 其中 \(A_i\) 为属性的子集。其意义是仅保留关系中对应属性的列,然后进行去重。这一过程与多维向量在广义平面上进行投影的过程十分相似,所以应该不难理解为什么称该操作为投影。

__________

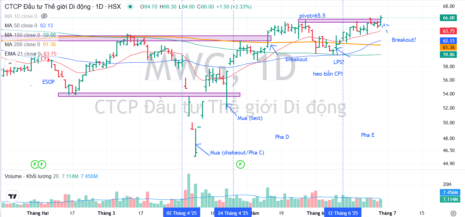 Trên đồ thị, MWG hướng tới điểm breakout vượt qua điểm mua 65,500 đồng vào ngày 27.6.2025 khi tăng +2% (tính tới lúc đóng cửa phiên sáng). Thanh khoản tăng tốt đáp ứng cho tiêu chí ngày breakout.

__________

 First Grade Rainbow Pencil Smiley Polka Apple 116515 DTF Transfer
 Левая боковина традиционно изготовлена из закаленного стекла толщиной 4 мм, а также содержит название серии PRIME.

__________

Output only an exact transcription of the lines above from the one with "First Grade Rainbow" up to and including the one with "Левая боковина традиционно".

RESULT FOR THIS EXERCISE:
 First Grade Rainbow Pencil Smiley Polka Apple 116515 DTF Transfer
 Левая боковина традиционно изготовлена из закаленного стекла толщиной 4 мм, а также содержит название серии PRIME.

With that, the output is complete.